GPU device plugin deployment issue (non default namespace)

pawel-gacek opened this issue 3 months ago · 4 comments

Describe the bug
GPU device plugin will not work properly once NOT installed in default namespace. For the ClusterRoleBinding resource the ServiceAccount namespace is set to "default" once installed using kustomization tool regardless of namespace configured/used during GPU device plugin deployment:
https://github.com/intel/intel-device-plugins-for-kubernetes/blob/main/deployments/gpu_plugin/overlays/fractional_resources/gpu-manager-rolebinding.yaml

apiVersion: rbac.authorization.k8s.io/v1
kind: ClusterRoleBinding
metadata:
name: gpu-manager-rolebinding
subjects:

kind: ServiceAccount
name: gpu-manager-sa
namespace: default ->>> here
roleRef:
kind: ClusterRole
name: gpu-manager-role
apiGroup: rbac.authorization.k8s.io

To Reproduce
Install GPU device plugin in non default namespace with kustomization.

Expected behavior
For ClusterRoleBinding resource (name gpu-manager-rolebinding) the ServiceAccount namespace is set to desired namespace.

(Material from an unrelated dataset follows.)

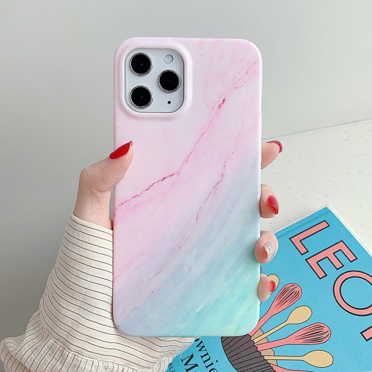 For iPhone 12 Max / 12 Pro Marble Pattern Soft TPU Protective Case(Pink Green Gradient )

System (please complete the following information):

OS version: Ubuntu 22.04
Kernel version: Linux 5.15
Device plugins version: v0.30.0
Hardware info:
Xeon 8360Y,
System Information
Manufacturer: Intel Corporation
Product Name: M50CYP2SBSTD
Version: M50CYP2UR208

Thank you
Pawel

Answer 1 · 2024-09-25T08:18:00.000Z

Hi @pawel-gacek, yep, you are correct. This is a limitation of the deployment. We can't change the namespace name within the yaml file. The namespace is handled properly in our operator based deployment, though.

Answer 2 · 2024-09-25T09:07:49.000Z

hi @tkatila got it thanks. Cause it may cause some issues in plugin operation as deployment itself works fine. Would be good if such limitation can be documented somewhere as I believe there are still kustomization based deployments in use. In our case we simply have not noticed that GPU plugin did not work properly until we have seen the GPU resource allocation failure for one of our workload.

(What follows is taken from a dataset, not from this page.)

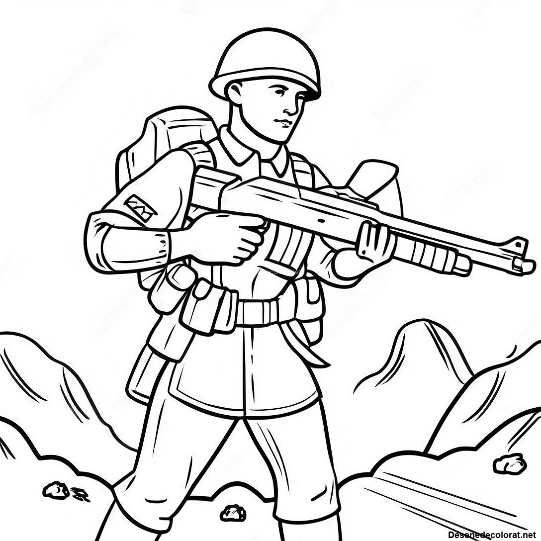 Descarcă PDF imprimabil pentru Soldat Curajos În Luptă - Pagina De Colorat

Answer 3 · 2024-09-25T09:59:49.000Z

Sure. I'll add a note about it to the advanced deployments docs.

Off-topic: fractional resources is a sort of niche use case, how are you using it?

Answer 4 · 2024-09-25T11:12:33.000Z

We do use GPU Aware Scheduler extender that requires fractional resources to be enabled with GPU dev plugin.